• Action item
Because only the text is wanted, repeat the records below exactly and omit the pictures.

• Stored data
* * *

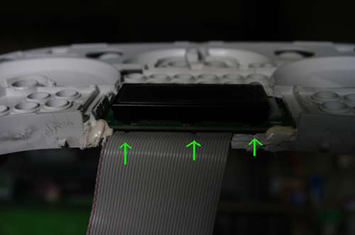 Do zamontowania wyświetlacza w miejsce fabrycznego potrzebna będzie odsysarka cyny, trochę cierpliwości. Najpierw trzeba odlutować gniazdo z tyłu wyświetlacza i przylutować na stałe taśmę. Lokalizujemy przewód na taśmie który trzeba przylutować do pinu 18. Następnie lutujemy po kolei co drugi przewód do płytki wyświetlacza. Przewody w taśmie są dosyć cienkie i delikatne, więc po przylutowaniu zabezpieczamy je dodatkowo taśmą izolacyjną. Załącznik:
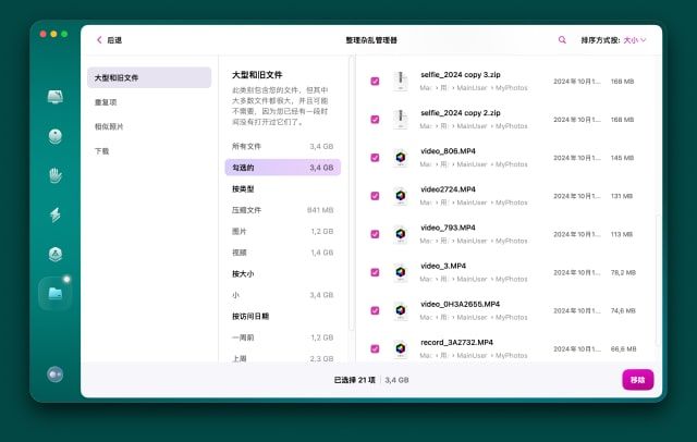 我们的智能技术可以精准地查找出那些长期被遗忘的大文件,例如旧的视频或压缩文件,它们不必要地占用了宝贵的存储空间。这让 CleanMyMac 在众多 Mac 清理工具中脱颖而出。
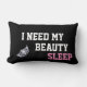 Coussin de style Lumbar montré en noir/rose avec une impression litho d'une couronne de concours et dit I Need My Beauty Sleep. Customisez cet objet ou achetez-le tel quel.
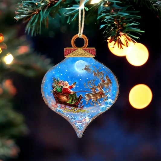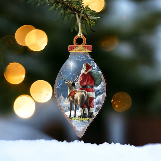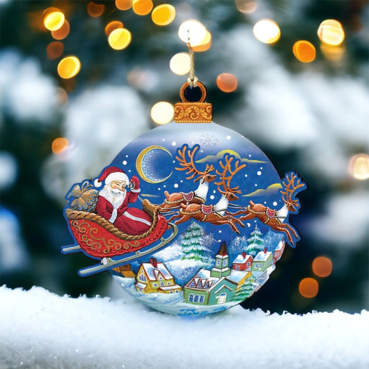 Santa-Magical-Flight Wood Ornament
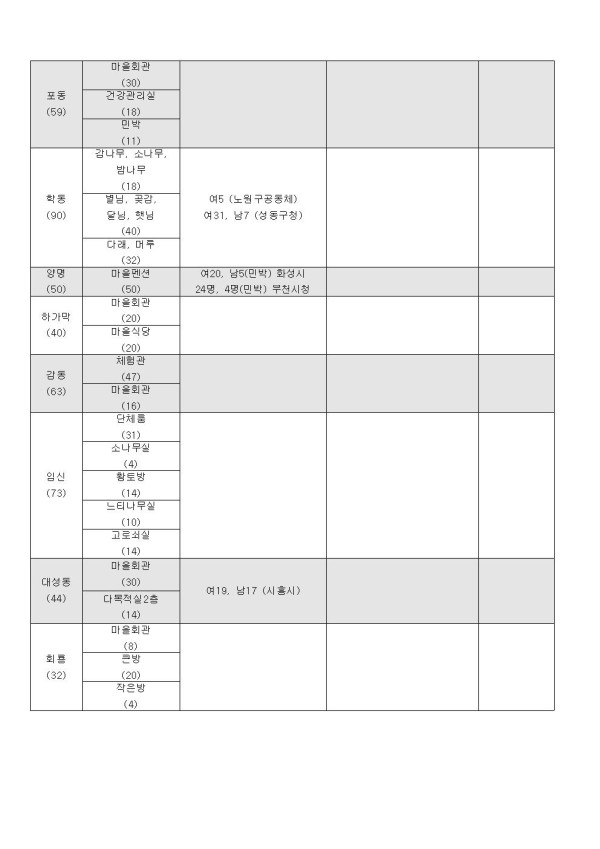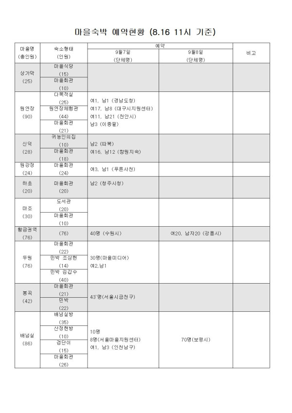 마을숙박예약현황입니다. 마을숙박 신청 전에 참고하시면 좋을 듯 합니다.
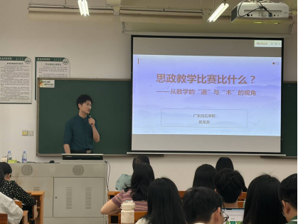 本次讲座由广东白云学院纲要教研室主任、暨南大学访问学者、广东省思政课名师工作室成员张龙龙教授主讲。近年来,张龙龙教授在教学竞赛领域成绩突出,先后在省青教赛、省思政课教师教学基本功比赛及粤桂琼赣滇五省联赛等多项赛事中获奖,具有丰富的教学比赛实践经验。
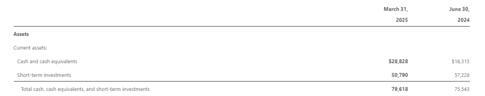 截至2025年3月31日,微软持有的现金、现金等价物和短期投资总额为796.18亿美元,而截至2024年6月30日为755.43亿美元。
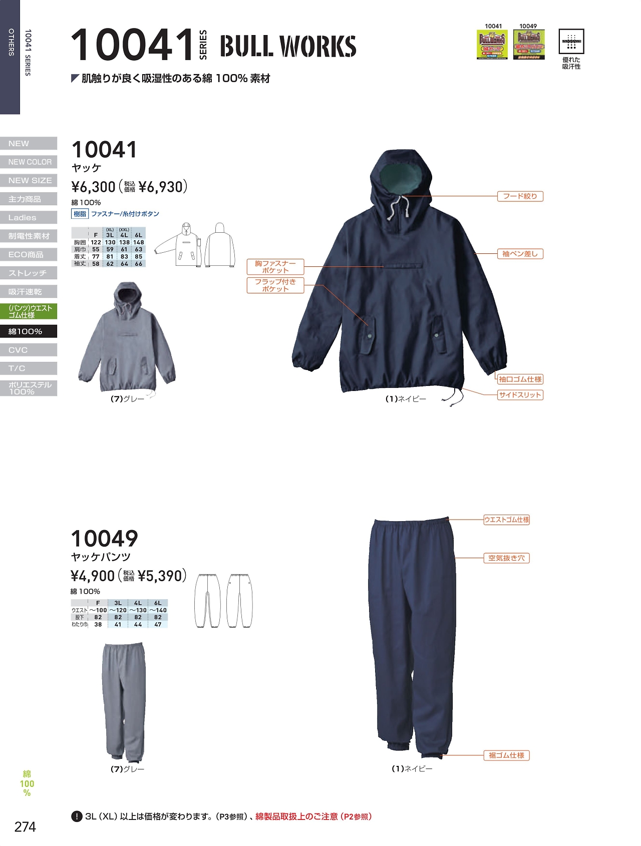 綿ヤッケパンツ 10049

* * *

• Exercise output
 Do zamontowania wyświetlacza w miejsce fabrycznego potrzebna będzie odsysarka cyny, trochę cierpliwości. Najpierw trzeba odlutować gniazdo z tyłu wyświetlacza i przylutować na stałe taśmę. Lokalizujemy przewód na taśmie który trzeba przylutować do pinu 18. Następnie lutujemy po kolei co drugi przewód do płytki wyświetlacza. Przewody w taśmie są dosyć cienkie i delikatne, więc po przylutowaniu zabezpieczamy je dodatkowo taśmą izolacyjną. Załącznik:
 我们的智能技术可以精准地查找出那些长期被遗忘的大文件,例如旧的视频或压缩文件,它们不必要地占用了宝贵的存储空间。这让 CleanMyMac 在众多 Mac 清理工具中脱颖而出。
 Coussin de style Lumbar montré en noir/rose avec une impression litho d'une couronne de concours et dit I Need My Beauty Sleep. Customisez cet objet ou achetez-le tel quel.
 Santa-Magical-Flight Wood Ornament
 마을숙박예약현황입니다. 마을숙박 신청 전에 참고하시면 좋을 듯 합니다.
 本次讲座由广东白云学院纲要教研室主任、暨南大学访问学者、广东省思政课名师工作室成员张龙龙教授主讲。近年来,张龙龙教授在教学竞赛领域成绩突出,先后在省青教赛、省思政课教师教学基本功比赛及粤桂琼赣滇五省联赛等多项赛事中获奖,具有丰富的教学比赛实践经验。
 截至2025年3月31日,微软持有的现金、现金等价物和短期投资总额为796.18亿美元,而截至2024年6月30日为755.43亿美元。
 綿ヤッケパンツ 10049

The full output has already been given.